“David Olusoga excavates our shared heritage with humanity and verve.”
Black and British: A Forgotten History, BBC2
“David Olusoga excavates our shared heritage with humanity and verve. This thought-provoking series feels like an ideal companion to Mary Beard’s popular reappraisals of ancient Roman history.”
Chitra Ramaswamy, The Guardian
“It was an interesting history lesson, even if I question whether travelling all around the world awarding plaques to places that in olden days had black citizens was quite the way to tell it. A bit Blue Peter for me.”
Andrew Billen, The Times
“Unlike some documentaries, the series doesn’t grandly claim these discoveries as its own. The science was done by others. Olusoga simply presents their findings as part of a British history lesson told from a fresh and particular perspective.”

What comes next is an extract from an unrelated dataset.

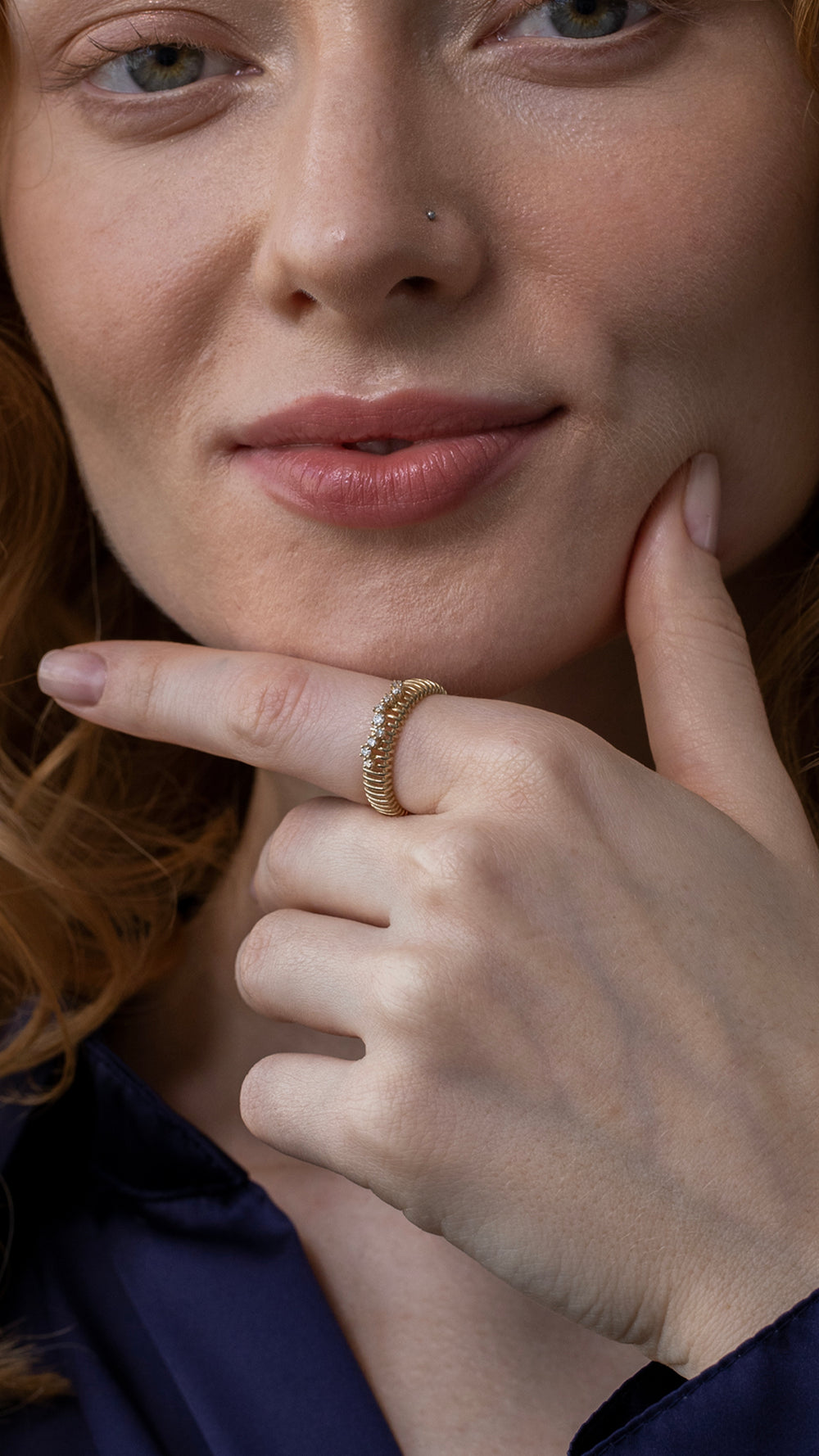 Altın Rüzgar Pırlanta Yüzük, kıvrımlı altın detayları ve üzerindeki pırlantalarla şıklığı ve zarafeti bir araya getiriyor. Doğal altın rengi ve ışıltılı pırlantalarıyla bu yüzük, hem gündelik hayatta hem de özel anlarınızda stilinizi tamamlayacak. Klasik ve modern tasarımın mükemmel uyumunu yansıtan bu yüzük, sevdiklerinize ya da kendinize verebileceğiniz unutulmaz bir hediye olacak.

Jasper Rees, The Telegraph
“The take-home message was different for everyone. On the one hand, the rich mix of Britain’s DNA makes race and origins seem irrelevant. Those who felt themselves written out of the history books would say the opposite though.”
Matt Baylis, Daily Express
Britain’s Adoption Scandal: Breaking the Silence, ITV
“This was a truly distressing documentary about a hierarchical yesteryear in which many thousands of young British women were forced against their will to give up babies born out of wedlock. It was as if church and state were taking revenge on the Sixties.”
Jasper Rees, The Telegraph
“I would have liked the documentary to have got hold of the priests and nuns in those homes and asked what on earth they thought they were at. And the girls’ parents. Instead Alice Perman’s documentary, although narrated by Maxine Peake and sensitively augmented by stills and archive film, largely left the women to speak for themselves.”
Andrew Billen, The Times
“Britain’s Adoption Scandal: Breaking The Silence was a simple, relentless format. The similarity of their stories multiplied their power. One tale of heartbreak makes moving television; the same tale repeated over and over becomes a national travesty.”
Christopher Stevens, Daily Mail
“It would be easy to say religion was the cause of this and indeed the Archbishop of Westminster has apologised for the ‘lack of care and sensitivity’ shown by agencies acting in the name of the Catholic Church. Among the bravely given, sorrow-filled stories of last night, though, there was plenty to suggest the wider social mood.”